# Provided entries
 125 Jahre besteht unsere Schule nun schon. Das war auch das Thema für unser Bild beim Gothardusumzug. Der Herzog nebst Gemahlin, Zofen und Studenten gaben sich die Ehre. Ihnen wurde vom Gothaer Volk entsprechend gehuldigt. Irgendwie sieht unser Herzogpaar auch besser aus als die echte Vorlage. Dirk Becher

...

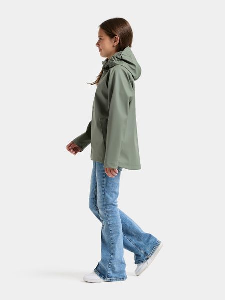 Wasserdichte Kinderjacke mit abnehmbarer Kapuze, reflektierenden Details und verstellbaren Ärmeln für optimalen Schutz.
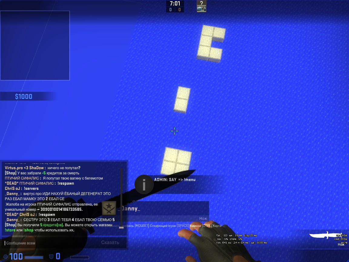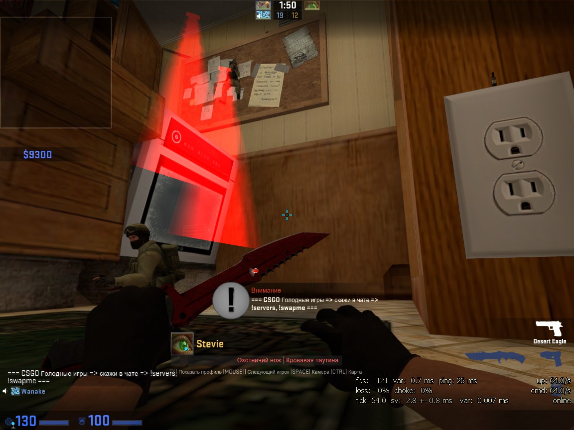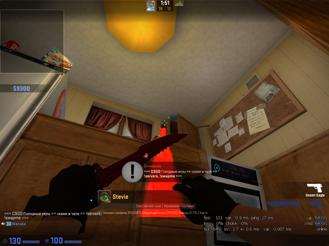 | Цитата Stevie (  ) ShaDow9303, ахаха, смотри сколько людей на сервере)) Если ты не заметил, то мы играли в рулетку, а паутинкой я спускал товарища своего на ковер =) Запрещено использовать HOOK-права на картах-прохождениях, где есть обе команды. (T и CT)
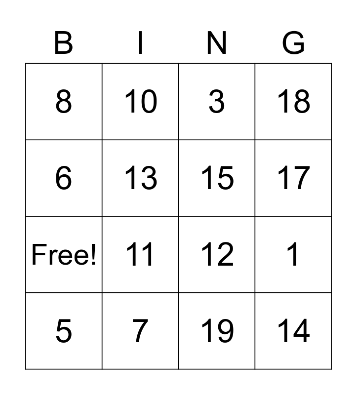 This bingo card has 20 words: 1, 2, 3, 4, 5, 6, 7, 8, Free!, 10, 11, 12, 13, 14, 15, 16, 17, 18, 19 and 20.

--

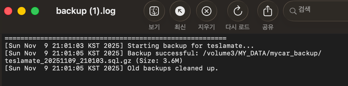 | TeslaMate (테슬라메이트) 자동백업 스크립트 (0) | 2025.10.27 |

# Exercise brief
Look above for the line with "Wasserdichte Kinderjacke mit" and the line with "This bingo card", then copy them and all lines in between exactly as written, and only those, without any pictures.

# The answer
 Wasserdichte Kinderjacke mit abnehmbarer Kapuze, reflektierenden Details und verstellbaren Ärmeln für optimalen Schutz.
 | Цитата Stevie (  ) ShaDow9303, ахаха, смотри сколько людей на сервере)) Если ты не заметил, то мы играли в рулетку, а паутинкой я спускал товарища своего на ковер =) Запрещено использовать HOOK-права на картах-прохождениях, где есть обе команды. (T и CT)
 This bingo card has 20 words: 1, 2, 3, 4, 5, 6, 7, 8, Free!, 10, 11, 12, 13, 14, 15, 16, 17, 18, 19 and 20.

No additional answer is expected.